Japanese government under Prime Minister Fumio Kishida has strongly urged the Yoon government to abandon its right of demanding the Japanese companies’ return of compensation payments to prevent the issue from being brought up by a next South Korean government. However, the announced solution does not include the abandonment of the right. Given that leftist opposition parties and mass media in South Korea have criticized the solution as representing humiliating diplomacy making concessions to victimizers, a government change may encourage the fund to exercise the right to reimbursement and confiscate assets of the Japanese companies again, reversing the solution.

While the solution can be given up as a temporary one, it can be appreciated as serving Japan’s national interests by paving the way for Japan to cooperate with the Yoon government in addressing the North Korean missile threat.

However, the basic premise for bilateral cooperation should be the resolution of an incident in which a South Korean naval ship directed its fire-control radar at a Japanese Maritime Self-Defense Force aircraft in 2018. The Yoon government should apologize to Japan for the radar direction that means a simulated attack and should punish those responsible for the incident. Many Japanese Self-Defense Forces members are still angered. The Kishida government should not seek gradual development of bilateral cooperation while leaving the incident unresolved.

Japan needs to communicate its message

On March 6, Japanese Foreign Minister Yoshimasa Hayashi reaffirmed that the Kishida government inherits successive cabinets’ position on historical perceptions. This reaffirmation should have been interpreted by Seoul that the Kishida government inherits repeated apologies by the successive administrations.

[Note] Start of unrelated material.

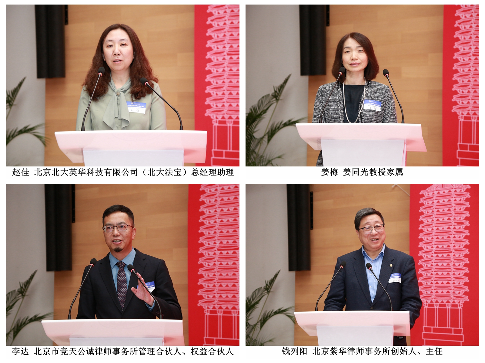 院长助理、助理教授左亦鲁代表学院教师致辞。他指出,当前国际形势严峻复杂,作为北大法律人,同学们应当“做有出息的学生”,运用自己的智识、远见与想象力,为迎接未来的挑战做好准备。他对设奖方为同学们创造的良好环境表示感谢,希望同学们珍惜荣誉和机会,承担起时代赋予的责任,作出属于北大法律人的应有贡献。

However, there is a gimmick regarding the apology. The Japanese government has offered the apology from moral point of view based on current values but never admitted its legal responsibility. It has maintained that (1) Japan is not liable for compensation for its rule of Korea as it was legal and that (2) the wartime mobilization of Koreans was neither coercive recruitment nor forced mobilization. Since the 1980s, however, the Japanese government has repeated the apology without expressing the above two points. Insomuch that South Korea has repeatedly blamed Japan for reversing the apology soon after offering it. The apology has deteriorated bilateral relations.

Unless Japan’s government and private sectors are united to proactively communicate the two points to the outside world, Seoul will surely criticize the Kishida government if the government makes the two points in the authorization of school textbooks or the promotion of an initiative to have the Sado Island goldmines registered as a World Cultural Heritage site. Japan’s government and private sectors are required to cooperate with like-minded South Koreans to fight against false historical perceptions.

Tsutomu Nishioka is a senior fellow and a Planning Committee member at the Japan Institute for National Fundamentals and a visiting professor at Reitaku University. He covers South and North Koreas.